Only the lines from the one containing "또한, 이들을 둘러싼" through the end of the data are wanted, reproduced exactly and without pictures.

**Given information:**
------------------------------------

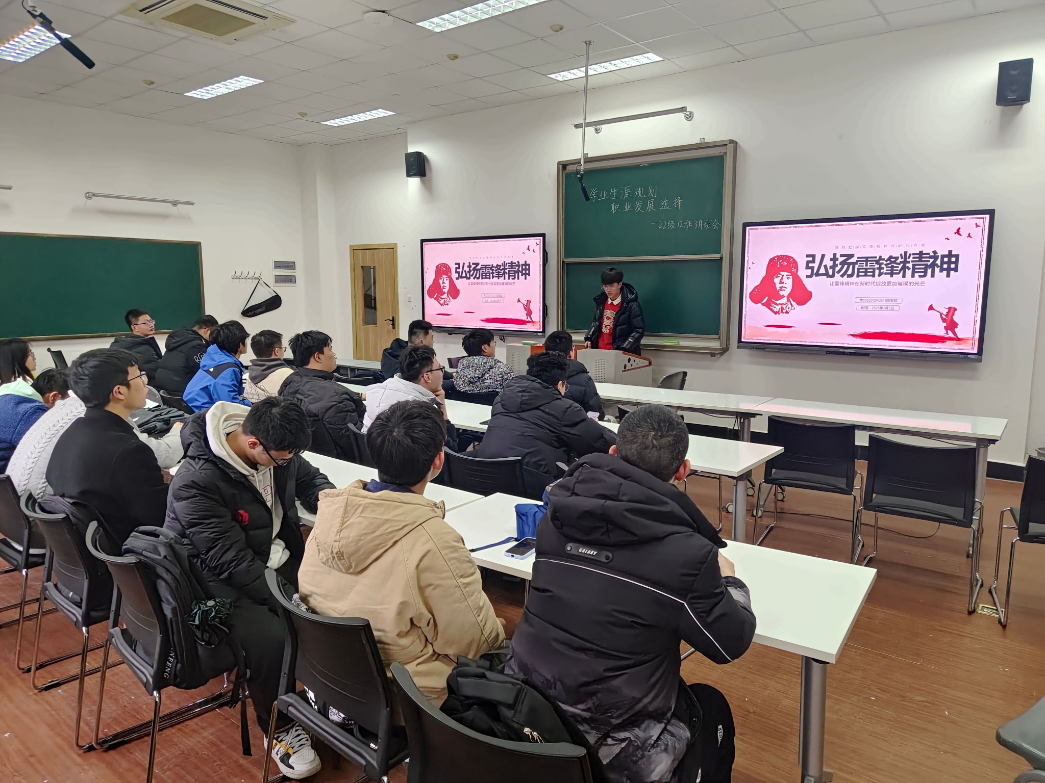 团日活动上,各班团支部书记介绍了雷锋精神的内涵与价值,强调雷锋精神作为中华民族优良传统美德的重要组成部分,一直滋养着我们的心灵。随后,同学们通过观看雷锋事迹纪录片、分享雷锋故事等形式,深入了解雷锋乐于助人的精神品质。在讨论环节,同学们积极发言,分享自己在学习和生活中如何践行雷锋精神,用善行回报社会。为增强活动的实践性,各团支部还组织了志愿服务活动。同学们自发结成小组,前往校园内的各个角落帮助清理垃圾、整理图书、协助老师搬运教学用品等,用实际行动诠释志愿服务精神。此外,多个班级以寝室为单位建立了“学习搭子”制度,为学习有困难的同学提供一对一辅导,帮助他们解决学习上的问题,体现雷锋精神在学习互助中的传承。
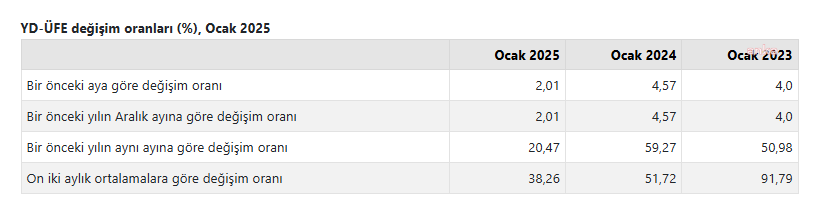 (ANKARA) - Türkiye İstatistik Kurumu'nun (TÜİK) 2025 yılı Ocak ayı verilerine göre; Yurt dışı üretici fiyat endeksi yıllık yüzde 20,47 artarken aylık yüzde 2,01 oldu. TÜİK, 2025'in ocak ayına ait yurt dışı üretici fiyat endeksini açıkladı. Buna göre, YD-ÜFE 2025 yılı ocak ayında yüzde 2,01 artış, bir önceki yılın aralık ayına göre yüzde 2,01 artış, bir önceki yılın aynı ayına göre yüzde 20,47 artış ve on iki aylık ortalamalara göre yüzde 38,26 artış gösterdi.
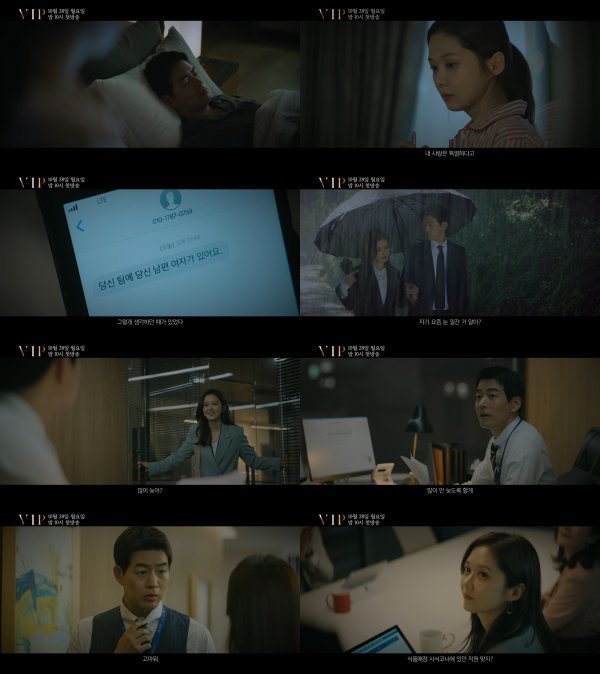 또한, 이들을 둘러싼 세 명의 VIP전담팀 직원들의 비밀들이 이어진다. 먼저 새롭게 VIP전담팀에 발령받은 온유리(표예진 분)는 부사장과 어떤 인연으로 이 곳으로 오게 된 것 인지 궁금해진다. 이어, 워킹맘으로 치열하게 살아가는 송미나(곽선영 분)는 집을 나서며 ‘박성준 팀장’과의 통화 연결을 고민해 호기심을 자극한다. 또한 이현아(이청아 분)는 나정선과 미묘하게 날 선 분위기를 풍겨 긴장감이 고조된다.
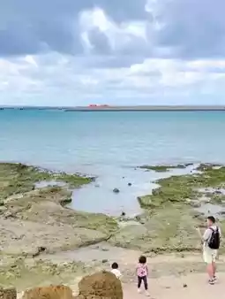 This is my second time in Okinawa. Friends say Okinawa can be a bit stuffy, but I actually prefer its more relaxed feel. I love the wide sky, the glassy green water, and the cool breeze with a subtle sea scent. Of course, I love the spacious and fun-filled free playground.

------------------------------------

**Written reply:**
 또한, 이들을 둘러싼 세 명의 VIP전담팀 직원들의 비밀들이 이어진다. 먼저 새롭게 VIP전담팀에 발령받은 온유리(표예진 분)는 부사장과 어떤 인연으로 이 곳으로 오게 된 것 인지 궁금해진다. 이어, 워킹맘으로 치열하게 살아가는 송미나(곽선영 분)는 집을 나서며 ‘박성준 팀장’과의 통화 연결을 고민해 호기심을 자극한다. 또한 이현아(이청아 분)는 나정선과 미묘하게 날 선 분위기를 풍겨 긴장감이 고조된다.
 This is my second time in Okinawa. Friends say Okinawa can be a bit stuffy, but I actually prefer its more relaxed feel. I love the wide sky, the glassy green water, and the cool breeze with a subtle sea scent. Of course, I love the spacious and fun-filled free playground.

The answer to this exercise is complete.